One of those losses was a bid to operate nine toll roads tendered by the National Highway Authority of India in 2018, won by Macquarie Infrastructure and Real Assets. Another was its proposal last March to operate six airports across the country, alongside the operator of Zurich’s international airport.
As we speak, Bose is also keen to clarify another point that might be of concern: the role the government plays in the GP’s investment decision process.
The funds’ investment committees comprises members of NIIF’s senior management and, in the case of the Master Fund, also an independent advisor. The institution declined to provide the exact list of members sitting on the IC but stressed that neither the government nor any other investor in their funds is represented on it.
Virtuous cycle
Ultimately, Bose believes that investors will look at NIIF as they hunt for opportunities outside of developed markets.

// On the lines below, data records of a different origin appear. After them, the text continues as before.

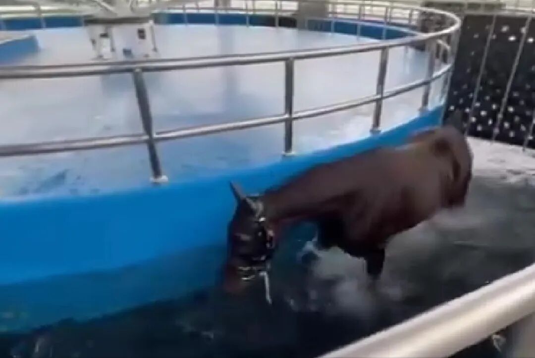 据报道,练马师韦达日前再度亲赴从化,视察旗下马匹。他在社交平台分享了爱驹在从化使用水中行马机的视频,并大赞这个崭新练马设游对马匹的训练起了正面的作用。
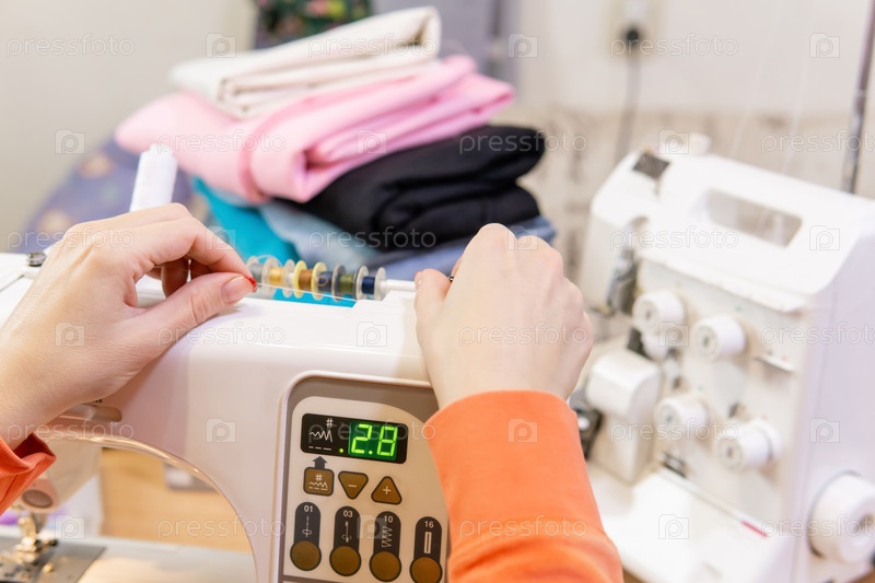 Швея перематывает нитки с катушки на шпульку, крупный план
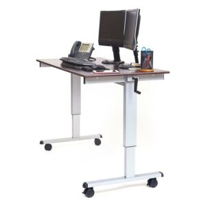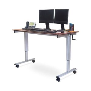 60″ High Speed Crank Adjustable Desk – Silver, Dark Walnut The Luxor high speed crank adjustable standing desk gives users the ability to find that ergonomic balance between sitting and standing throughout the workday. Now available with a high-speed crank operated lift mechanism, the turn-handle crank quickly moves the desk from the lowest to highest positions within seconds without requiring electric power. The generous 59″x 29.5″work surface easily fits dual monitors plus a full-sized keyboard and mouse while the height adjustment range accommodates taller and shorter users. Each desk includes a choice of leveling glides as well as 3″casters, two with locking brakes, allowing for easy maneuverability to suit ever-changing workspace needs. Enjoy the health benefits of standing while increasing focus and productivity with a high-speed crank adjustable desk from Luxor. High speed crank allows for rapid adjustment from sitting to standing. Crank handle quickly raises the desk height between 32.6″and 48.5″(with casters). Crank handle quickly raises the desk height between 29.6″and 45.5″(with glides). Spacious 59″x 29.5″desktop provides plenty of room for multiple monitors. Melamine top with dark walnut finish. Durable steel frame with silver powder coat painted finish. Includes choice of leveling glides and 3″ casters, two with locking brake. Includes all hardware and tools required for assembly. Lift Capacity: 154 lbs. Glides: Furniture Glides. Casters: 3″ Casters.

“We are [aiming] to generate returns over time, and I have no doubt that, as time goes by […] we will become the ideal counterparty for many pension funds that might not be able to create their own team in India,” he adds.
Bose stresses that the large pipeline of assets being monetised at the moment by the government and domestic companies, and its long track record in the PPP sector, makes India a very attractive market.
The NHAI has started a programme to monetise 105 roads with the aim to raise up to $20 billion, while the country’s airports authority moved on with the privatisation of six airports in February.
“We are looking for investors who can take large, long-term exposures, and who understand infrastructure investing”
“Policymakers understand that there’s a very strong appetite for recycling operational assets, private or public,” Bose says.
“This asset recycling can lead to capital coming in, releasing stress from the balance sheet from the government and the private sector, allowing them to focus on building more assets and then recycling them out creating a virtuous cycle,” he adds.
Smooth sailing
Asked about the risks often associated with investing in an emerging market, Bose argues that the higher returns generated help offset that. “If [investors] are getting mid-single-digits returns in an asset in OECD countries, and they get mid-teens in India, country risks and currency risks are compensated.”
Furthermore, he brushes aside possible political bumps in the world’s largest democracy.
As we spoke, India was gearing up to embark on a month-long election process, with more than 900 million people going to the polls. The incumbent Prime Minister, Narendra Modi, seen as a business-friendly figure, was finally re-elected for another five-year term at the end of May.
But Bose tells us that the push to develop infrastructure in the country is bound to continue, regardless of the colour of the government.
“We are dealing with the aspirations of 1.2 billion people. Building and developing world-class infrastructure is going to be clearly a mandate for any government,” he says.